On 7/7/20 7:09 PM, Dudemanguy via artix-general wrote:
> Sorry, this got lost in the backlog somewhere. I'll get to actually testing this out this one out later this week.

Okay, I finally believe I've gotten to the bottom of this. The short 
answer is that I don't think this is possible with the current way s6 is 
setup on Artix, but at the very least it's not an issue with the script. 
During the boot process, the cryptsetup script gets executed, reads the 
/etc/crypttab with all the right arguments and everything but there's an 
error message that's sent to shell. Specifically, "Nothing to read on 
input". The reason I don't believe this can work as-is is because the 
early getty service that s6-linux-init starts is designed to capture any 
output from the started services and print them on /dev/console. This 
will interrupt any wait on input and thus cause the cryptsetup to fail.

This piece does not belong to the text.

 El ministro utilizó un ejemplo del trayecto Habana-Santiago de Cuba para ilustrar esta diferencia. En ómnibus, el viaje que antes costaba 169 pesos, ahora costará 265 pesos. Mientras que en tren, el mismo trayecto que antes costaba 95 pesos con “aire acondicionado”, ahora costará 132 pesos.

I haven't tested this, but there are theoretically two potential fixes 
to this. One would be simply to disable printing on /dev/console. I'm 
not totally sure anything from the cryptsetup would even print on the 
early getty in the first place but it is a separate bash/shell call and 
not a complete execline script so it might work. I don't want to do this 
though because I've found error output on tty1 to be very useful in 
debugging and I don't think the tradeoff is worth it.

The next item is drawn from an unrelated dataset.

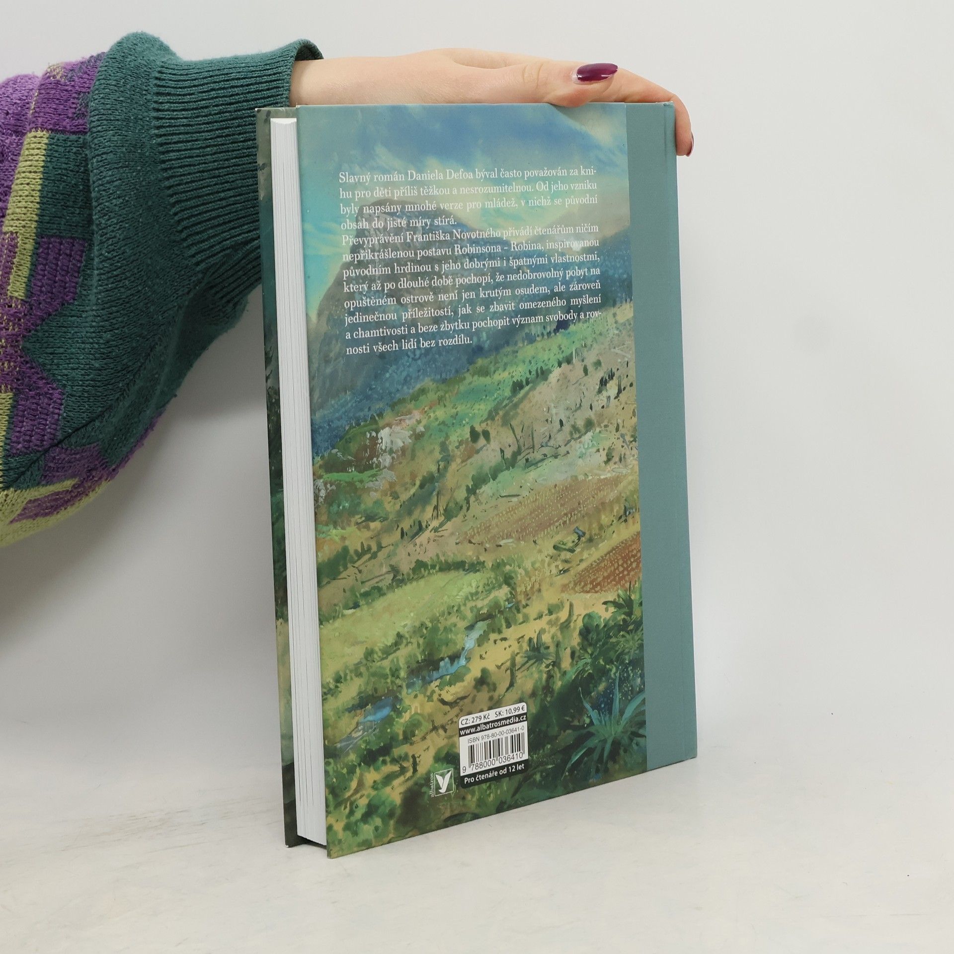 Slavný román Daniela Defoa býval často považován za knihu pro děti příliš těžkou a nesrozumitelnou. Od jeho vzniku byly napsány mnohé verze pro mládež, v nichž se původní obsah do jisté míry stírá. Převyprávění spisovatele Františka Novotného se osm let od prvního vydání stalo doslova novodobou klasikou. Přibližuje čtenářům ničím nepřikrášlenou postavu Robinsona – Robina, inspirovanou původním hrdinou s jeho dobrými i špatnými vlastnostmi. Hrdina po dlouhé době pochopí, že nedobrovolný pobyt na opuštěném ostrově není jen krutým osudem, ale zároveň jedinečnou příležitostí, jak se zbavit omezeného myšlení a chamtivosti. Kniha je doprovázena jedinečnými ilustracemi Zdeňka Buriana.

The other possibility would be to move the early getty to some other tty 
(say tty2) and print the cryptsetup stuff on a different tty (like 
tty1). This would be strange though because a user would have to 
manually switch to the other tty (you would still boot on whatever the 
early getty is defined as) and also said getty services would have to 
start before cryptsetup to work. I also don't think this hypothetical is 
worth it.

I know you probably already know this (and maybe already do this), but 
why not just generate a keyfile instead and add it to the luks device? 
That can be read on boot just fine and as long as it's in a secure 
location, it's a better solution than a passphrase anyway. If someone 
has access to your root, you're already compromised after all.

Sidenote: I did find a slight error when closing devices on s6. They 
weren't being unmounted, so at least that should be fixed now.